November 18, 12:27 pm | By Chen Xiaoyi

Mixed operations in asset management: Will the time of tycoons come?

In 2012, the wave of innovation surged over the asset management industry in China. The main target of innovation is to penetrate from one line into other lines of the industry.

“In the upcoming 10 years, only minority of financial institutions can succeed in multiple fields and form into large-scale financial groups. The majority of institutions will still survive in fields they are familiar with.” judged Jiang Saichun, Analyst in Chief of Desheng Fund Research Center.

Mixed operations debut

According to data published by China Trust Association, trust asset in China mounted to 6.32 trillion yuan by the end of third quarter (Q3) this year, hitting a new high. In particular, the asset amount increased by 780 billion yuan in Q3, larger than that of 730 billion yuan in first-half of 2012. The growth rate of the first three quarters reached 31.4 percent.
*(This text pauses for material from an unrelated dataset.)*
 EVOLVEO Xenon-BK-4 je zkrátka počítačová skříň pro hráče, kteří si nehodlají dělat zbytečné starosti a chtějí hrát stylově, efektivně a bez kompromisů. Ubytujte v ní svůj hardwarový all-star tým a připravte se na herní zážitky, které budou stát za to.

In comparison, the total asset of China’s insurance industry was 6.9 trillion by the end of Q3 with one-digit growth rate. Calculated under this tendency, trust will surpass insurance in Q1 next year at latest to become the second largest financial industry next only to banking. 
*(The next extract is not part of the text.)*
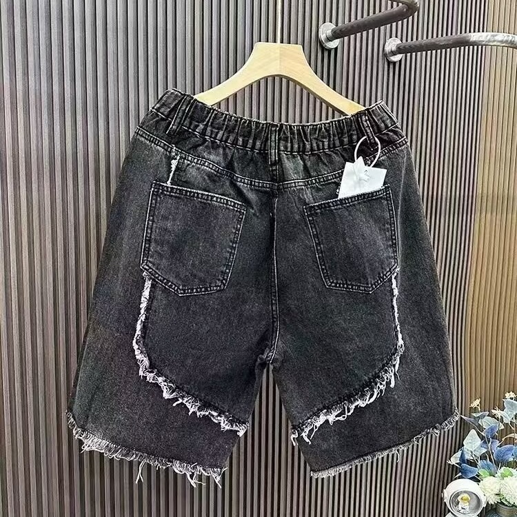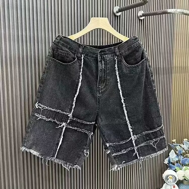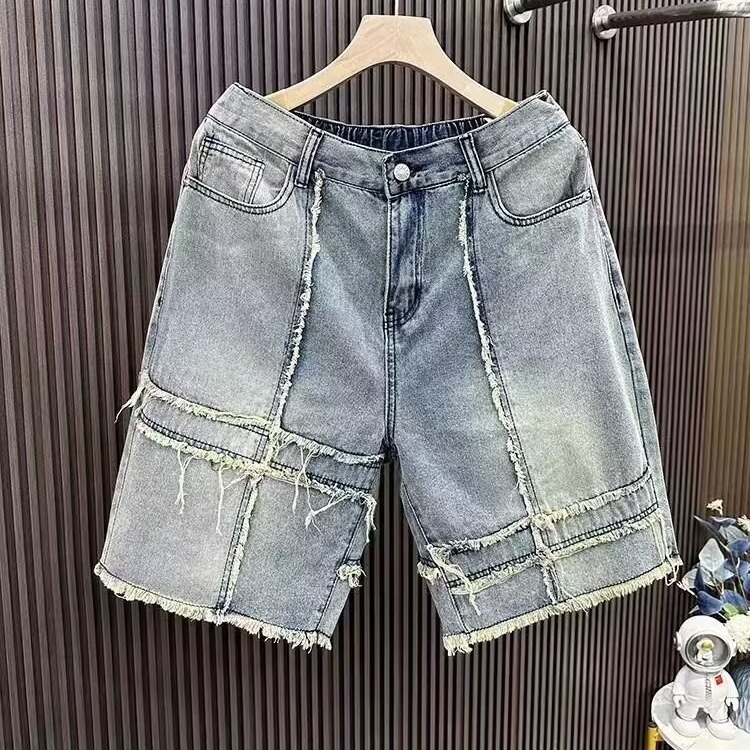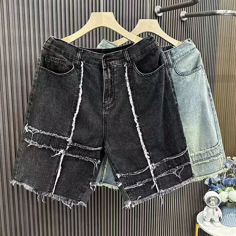 街头拼接休闲牛仔短裤男士高街潮流情侣夏季复古水洗毛边五分中裤
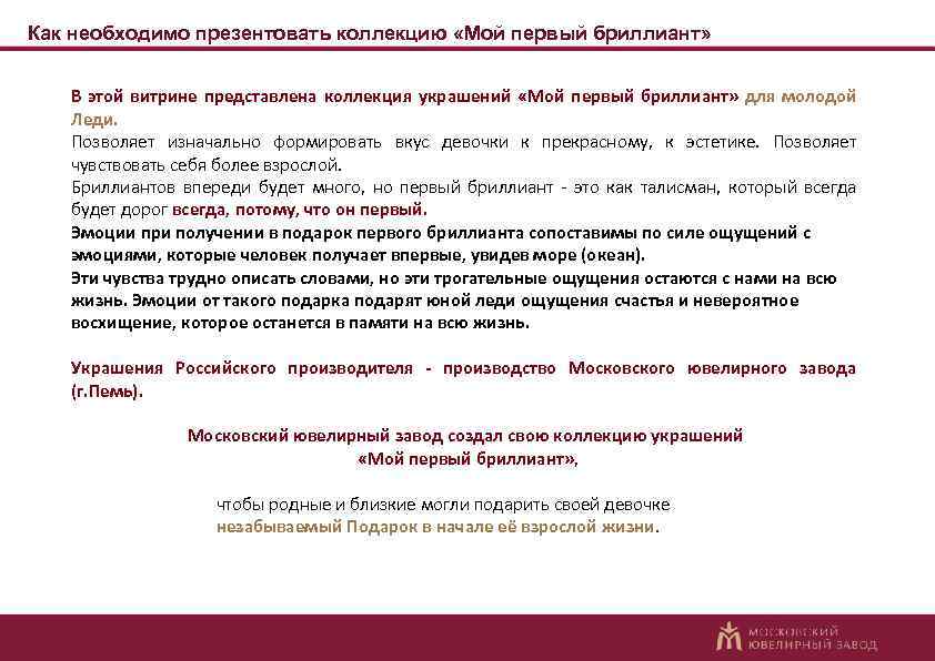 Презентация украшений коллекции «Мой первый бриллиант» Презентовать украшение коллекции «Мой первый бриллиант» , нужно когда определена потребность покупателя: Основная потребность единственная - Украшение в подарок молодой Леди Пример презентации коллекции покупателю: «Подарок, с которым Ваша дочьсестраплемянница получит ощущение счастья и восхищение – это безусловно украшение коллекции «Мой первый бриллиант» . Девушки всегда мечтают об украшении с бриллиантом. А первый в жизни бриллиант - это подарок, который будет дорог его обладательнице всегда, потому, что он первый. Эти чувства трудно будет описать словами. Эмоции при получении в подарок первого бриллианта сопоставимы по силе ощущений с эмоциями, которые человек получает впервые, увидев море (океан). Какие украшения предпочитает Ваша дочьсестра: кольца, серьги или может быть подвески? » После первой части презентации необходимо приступить к демонстрации украшения и продолжать презентацию (пока покупатель рассматривает украшение) «Украшения коллекции «Мой первый бриллиант» – это изделия из золота 585 пробы. Изготовлена коллекция на производстве Московского ювелирного завода. Модели украшений выполнены в более сдержанном стиле, который очень подходит молодым девушкам и делает их еще прекраснее» ….

However, everyone is eyeing this big cake, thus the high growth might not keep up.

Security companies, fund companies and even insurance companies are grabbing trust companies’ businesses by lower charge. By the end of October, security companies’ asset management business exceeded 973.5 billion yuan. The number by the end of last year was 281.87 billion yuan, showing a sharp increase within 10 months.

Experts predict that the next 10 years will be a key period during which financial institutions will compete intensely in mixed operations.

The strong becomes stronger

Currently, CITIC Group and Ping An Group both possess such capacity to surf in mixed operations. Nevertheless, under the separate operation supervision, the internal resources of the industry have not been effectively integrated.

Supervision towards mixed operations is becoming a leading tendency. In 2012, the deregulation from supervisors made possible the business integration among huge financial groups. In the cut-throat competition, these financial groups will become stronger and stronger relying on resource advantages.

“After 10 years, financial tycoons engaging in mixed operations are expected to be born,” said Jiang.